Material shown:
------------------------------------

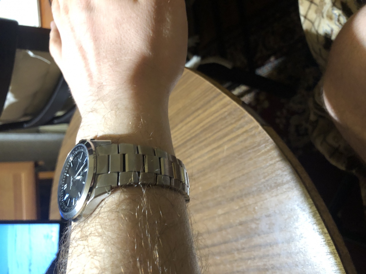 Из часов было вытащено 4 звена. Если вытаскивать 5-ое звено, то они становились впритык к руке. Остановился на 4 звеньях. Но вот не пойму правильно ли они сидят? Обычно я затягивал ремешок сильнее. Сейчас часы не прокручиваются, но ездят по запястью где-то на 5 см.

------------------------------------

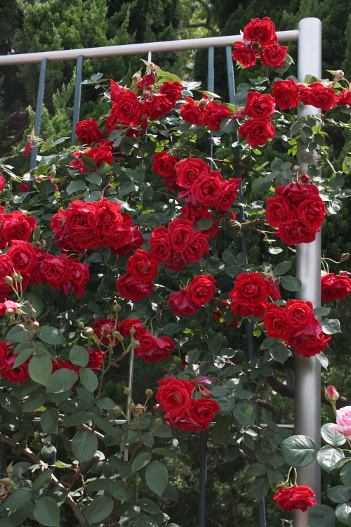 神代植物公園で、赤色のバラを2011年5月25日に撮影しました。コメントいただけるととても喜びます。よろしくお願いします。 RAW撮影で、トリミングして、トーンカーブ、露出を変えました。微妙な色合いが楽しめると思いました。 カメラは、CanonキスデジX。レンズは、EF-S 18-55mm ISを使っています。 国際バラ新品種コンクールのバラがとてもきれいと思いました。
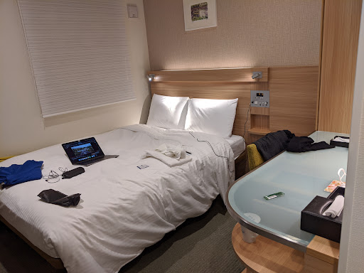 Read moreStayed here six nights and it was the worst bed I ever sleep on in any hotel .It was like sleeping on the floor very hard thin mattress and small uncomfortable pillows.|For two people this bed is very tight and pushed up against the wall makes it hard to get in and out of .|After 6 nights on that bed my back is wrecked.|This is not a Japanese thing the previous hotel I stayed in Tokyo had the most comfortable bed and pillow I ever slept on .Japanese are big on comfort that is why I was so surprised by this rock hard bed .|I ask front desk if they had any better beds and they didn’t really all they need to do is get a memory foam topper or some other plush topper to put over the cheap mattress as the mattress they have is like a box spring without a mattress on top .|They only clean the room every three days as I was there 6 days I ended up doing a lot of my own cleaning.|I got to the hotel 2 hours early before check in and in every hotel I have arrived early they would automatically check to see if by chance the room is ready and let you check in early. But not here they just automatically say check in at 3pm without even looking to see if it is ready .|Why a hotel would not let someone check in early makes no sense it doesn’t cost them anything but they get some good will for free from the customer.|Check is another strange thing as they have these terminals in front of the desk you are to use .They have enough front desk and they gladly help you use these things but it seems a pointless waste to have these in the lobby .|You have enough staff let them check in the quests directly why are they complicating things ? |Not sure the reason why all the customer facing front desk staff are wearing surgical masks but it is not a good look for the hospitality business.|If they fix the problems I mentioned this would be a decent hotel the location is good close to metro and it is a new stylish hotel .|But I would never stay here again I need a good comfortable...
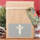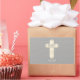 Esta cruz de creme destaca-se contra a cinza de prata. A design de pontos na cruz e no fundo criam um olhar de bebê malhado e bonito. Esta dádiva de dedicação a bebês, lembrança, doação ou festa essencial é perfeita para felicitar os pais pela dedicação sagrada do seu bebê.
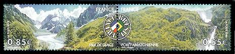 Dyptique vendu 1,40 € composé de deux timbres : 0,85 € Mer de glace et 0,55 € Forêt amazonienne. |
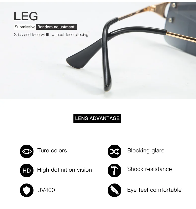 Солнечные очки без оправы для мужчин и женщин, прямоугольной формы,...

------------------------------------

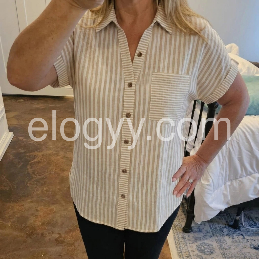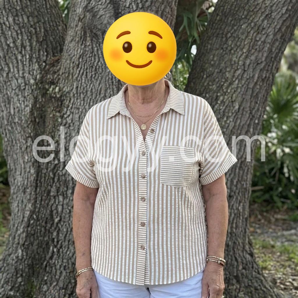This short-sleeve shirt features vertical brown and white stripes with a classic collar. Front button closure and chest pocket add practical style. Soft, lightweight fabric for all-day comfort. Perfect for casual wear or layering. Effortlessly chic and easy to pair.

------------------------------------

What the exercise asks: Please repeat the lines of the material above exactly, starting with the line that contains "Esta cruz de" and ending with the line that contains "Солнечные очки без". Leave the pictures out.

Answer section:
 Esta cruz de creme destaca-se contra a cinza de prata. A design de pontos na cruz e no fundo criam um olhar de bebê malhado e bonito. Esta dádiva de dedicação a bebês, lembrança, doação ou festa essencial é perfeita para felicitar os pais pela dedicação sagrada do seu bebê.
 Dyptique vendu 1,40 € composé de deux timbres : 0,85 € Mer de glace et 0,55 € Forêt amazonienne. |
 Солнечные очки без оправы для мужчин и женщин, прямоугольной формы,...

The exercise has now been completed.